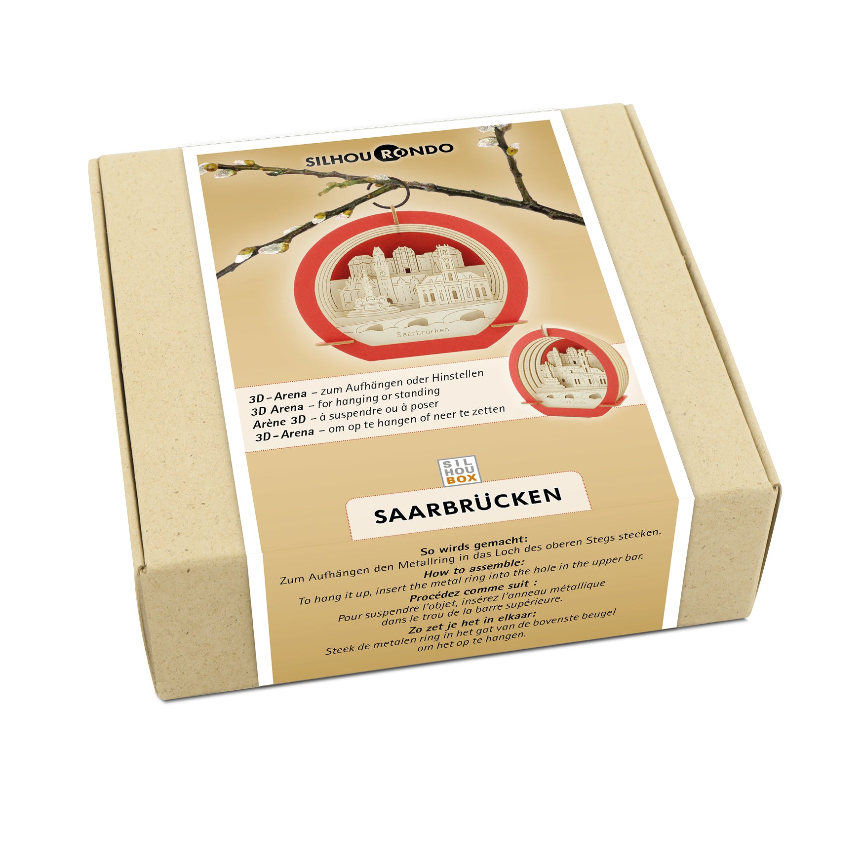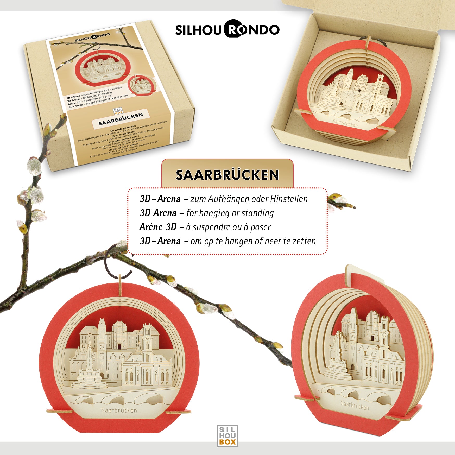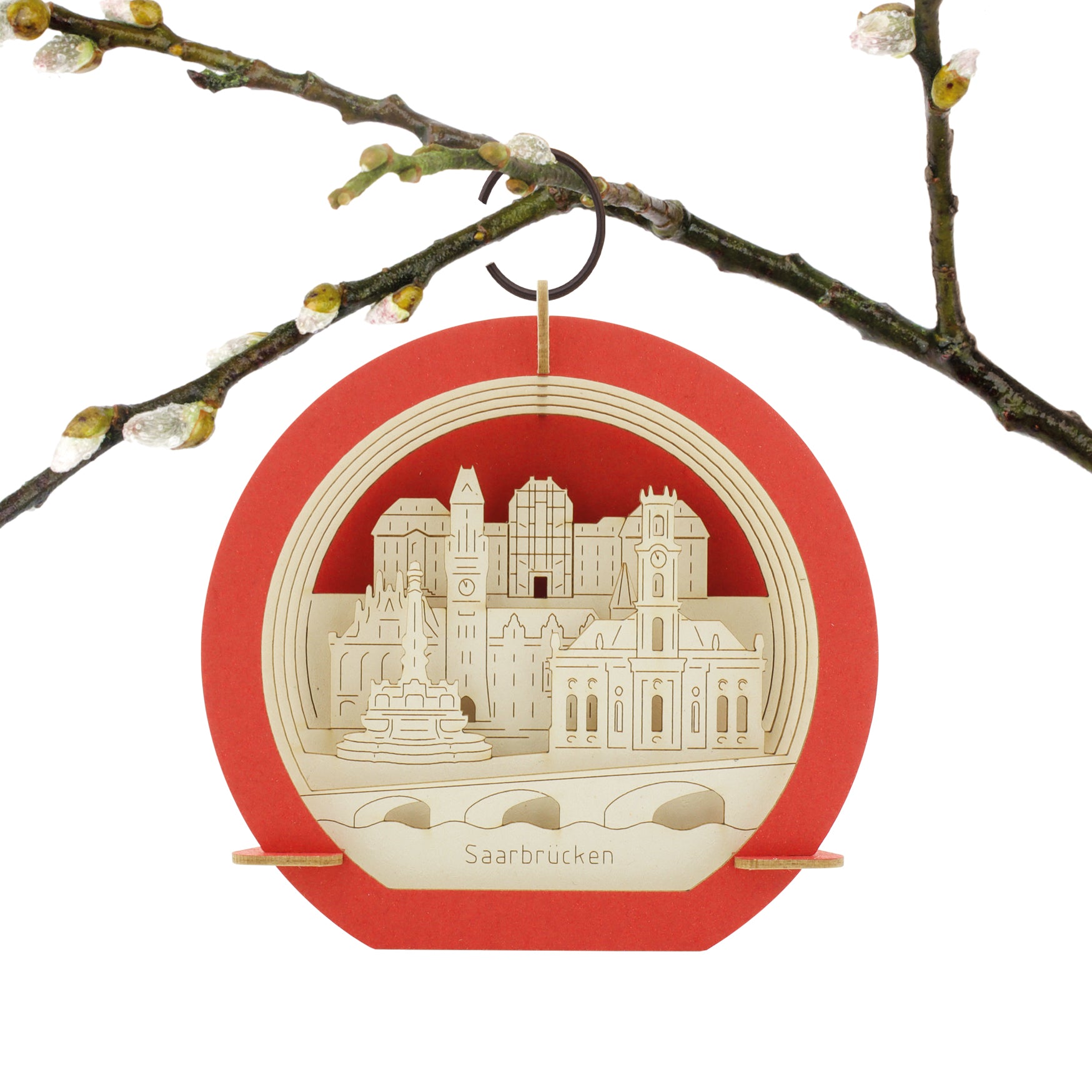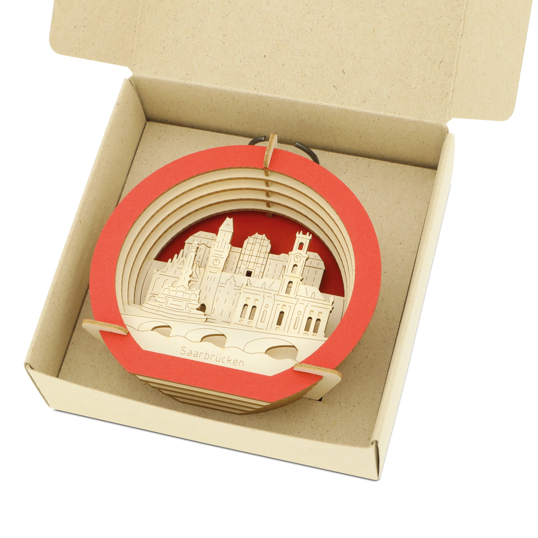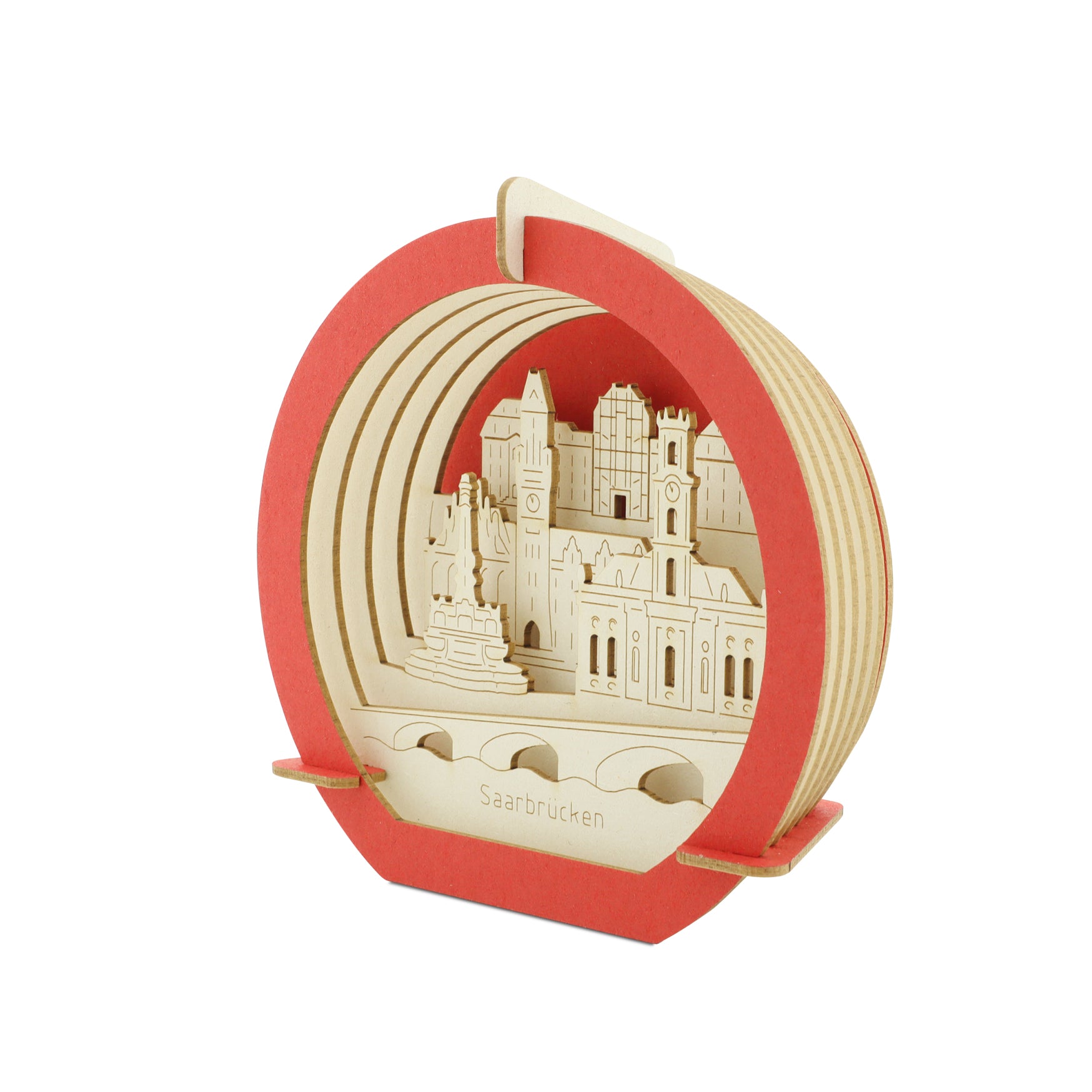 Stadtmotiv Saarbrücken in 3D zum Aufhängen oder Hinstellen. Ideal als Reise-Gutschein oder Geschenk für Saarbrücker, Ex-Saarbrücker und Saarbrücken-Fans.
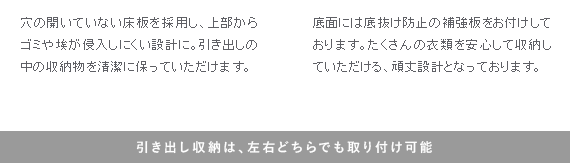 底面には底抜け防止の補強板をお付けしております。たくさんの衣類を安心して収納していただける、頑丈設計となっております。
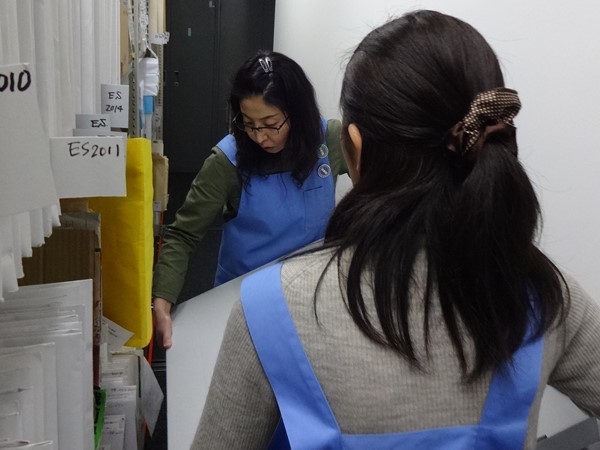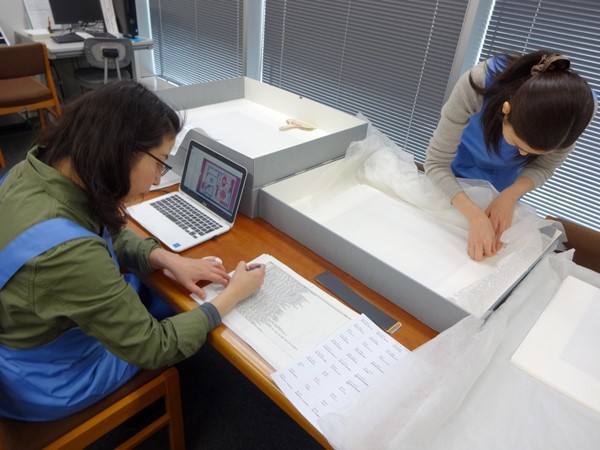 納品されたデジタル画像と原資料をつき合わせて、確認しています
────────────────────────────────────────
For your answer, write out the data exactly and drop every picture.

 Stadtmotiv Saarbrücken in 3D zum Aufhängen oder Hinstellen. Ideal als Reise-Gutschein oder Geschenk für Saarbrücker, Ex-Saarbrücker und Saarbrücken-Fans.
 底面には底抜け防止の補強板をお付けしております。たくさんの衣類を安心して収納していただける、頑丈設計となっております。
 納品されたデジタル画像と原資料をつき合わせて、確認しています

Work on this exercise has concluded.